Michael Pacanowski, Julia Vitarello, Insoo Hyun, Timothy Yu, Issam Zineh

August 24, 2023


Precision medicine has evolved from the application of pharmacogenetic biomarkers to the prospective development of targeted therapies in patients with specific molecular/genetic subtypes of disease to truly “N-of-1” medicines targeted to very small numbers of patients – in some cases, a single identified patient. This latter iteration of precision medicine presents unprecedented opportunities for patients with severe, life-threatening, or life-limiting diseases. At the same time, these modalities present complex scientific, clinical, and regulatory challenges. To realize the promise of individualized medicines, a multistakeholder approach to streamlining medical diagnoses, advancing the technologies that enable development of these therapeutic modalities, and re-envisioning collaborative environments for access and evidence generation is of critical importance. Herein, we highlight some of these challenges and opportunities.


Figure 1: Evolution from precision medicine to individualized therapies. Precision approaches to patient care are shown with selected, representative examples of drug and drug target or predictive biomarker relationships (e.g., CYP2D6 metabolizer status, genetic variants in drug targets, such as CFTR, complex multigene biomarkers, such as homologous recombination repair deficiency).

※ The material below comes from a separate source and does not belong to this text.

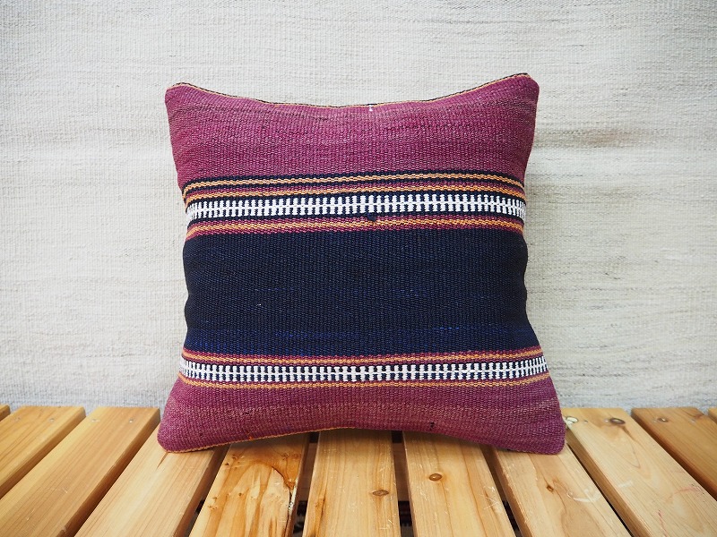 キリムクッションカバーオールドキリムを使用して作られた、エキゾチックなクッションカバー。オールドキリムの素敵な部分をカットして使用されています。(表面はオールドキリム、裏側はコットンの布地です)お手持ちの家具やキリムと組み合わせてお楽しみください。このタイプのものは、なかなか数が少な く、品質・価格・品揃え共に日本国内屈指であると自負しています。

“Precision medicine” is “an innovative approach to tailoring disease prevention and treatment that takes into account difference in people's genes, environments, and lifestyles.” Tailoring therapeutic interventions to certain patient characteristics has long been viewed as the goal of many precision medicine research and implementation initiatives, and the approaches to realize that goal have been constantly evolving (Figure1). Much of what we consider to be “precision medicine” in modern terms has stemmed from the use of biomarker tests to assess disease susceptibility, prognosis, or likelihood of treatment response. Early examples of therapeutic individualization through molecular/genetic testing, for example, were largely derived from observations that drug metabolism, pharmacodynamic (PD), and immunological gene variants were associated with variability in drug response phenotypes thought to be relevant to patient outcomes on the subpopulation level. Today, numerous drugs targeted to subsets of patients defined by molecular features have been successfully, prospectively codeveloped with in vitrodiagnostic tests and approved for use by health authorities (primarily for cancers, e.g., lung cancer and epidermal growth factor receptor (EGFR) mutation testing for EGFR tyrosine kinase inhibitors, ovarian cancer and BRCA1/2 testing for poly ADP ribose polymerase inhibitors).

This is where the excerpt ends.